# hair algae



## redthumb (Apr 17, 2014)

I have a hair algae problem and just pulling what I see is not helping is there anything to get rid of it that is safe to use in my planted tank with tetras and mollies


----------



## junglefowl (Nov 16, 2012)

It takes time to get rid of this kind of algea. The main problem is CO2/lighting and can be flow movement. You can try by increasing CO2/decreasing lighting.
I have experienced the mollies (black) eating hair algea, ghost shrimps, amano shrimps will also help.
Dosing excel is another method.


----------



## redthumb (Apr 17, 2014)

Are the Amano shrimp going to bother my cherry shrimp I would love to add some of those to my tank


----------



## junglefowl (Nov 16, 2012)

If they get really hungry, they will try to catch the baby red cherry shrimps. They can get big when fully grown, but not very aggressive. As long as you feed them enough food. They will be fine together.
One more thing, the amano shrimp is fast, so it steals the food. I only keep 1-2 of them in my tank with with other dwarf shrimps


----------



## serenityfate1 (Sep 4, 2014)

Instead try to find out what is the cause of the issue,what is your phototperiod? And what fixture are you using? Are you using co2? Specs would help alot


----------



## redthumb (Apr 17, 2014)

I do use co2 on constant slow rate I have two corallife fixture with 3 regular t5 HO bulbs t5 865 and the fourth is a coral life 65000 HO bulb I don't have a timer on but they are usually on from 8am- 8pm


----------



## Michael (Jul 20, 2010)

What size tank do you have? Four T5 HO tubes is a lot of light, probably too much unless your tank is very deep.


----------



## redthumb (Apr 17, 2014)

110 gallon


----------



## digital_gods (Apr 23, 2010)

The safest method for controlling the hair algae is weekly water changes and filter cleanings.

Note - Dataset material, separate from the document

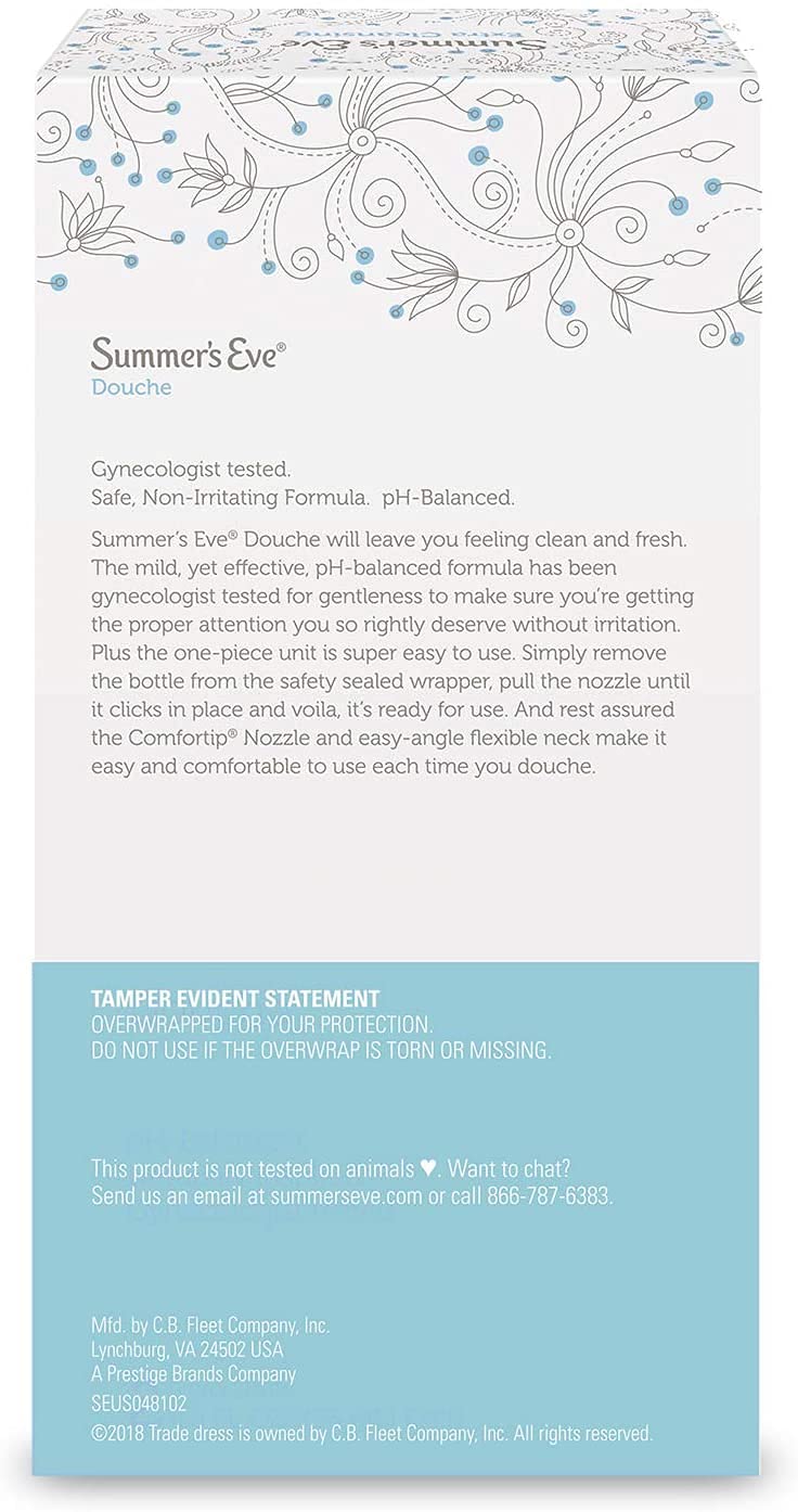 Summer's Eve has a Extra Cleansing Vinegar & Water Douche and Medicated Douche. Summer's Eve Douche will leave you feeling clean and fresh. Gynecologist Tested formula is effective and gentle (no irritation) will leave you feeling clean and fresh. pH balanced and Hypoallergenic. Clinically Tested Safe Scents. Also available in Sweet Romance, Island Splash, and Fresh Scents.

Dissolved organics and excess phosphates can contribute to this problem.


----------



## Yo-han (Oct 15, 2010)

digital_gods said:


> The safest method for controlling the hair algae is weekly water changes and filter cleanings. Dissolved organics and excess phosphates can contribute to this problem.


I'm sorry, but I must disagree with this! Excess phosphate causes not one species of algae to bloom. This has been proven thousands of times, so simple not true! Dissolved organics do contribute to red algae species (usually black or greyish in the aquarium) but not to green algae. Green algae is always a nutrient shortage. This could be traces, macro nutrients or CO2. Start by making sure you add enough traces. Make sure your plants have nitrogen and phosphorus (either in the substrate or the water column) and if the algae still persist, fix CO2 and/or improve flow.

Reducing light, helps to reduce nutrient demand so using two bulbs for a while would be a quick fix too! Remember plants always need a few weeks to adapt to the new situation, so try not to expect result very fast. Good luck!


----------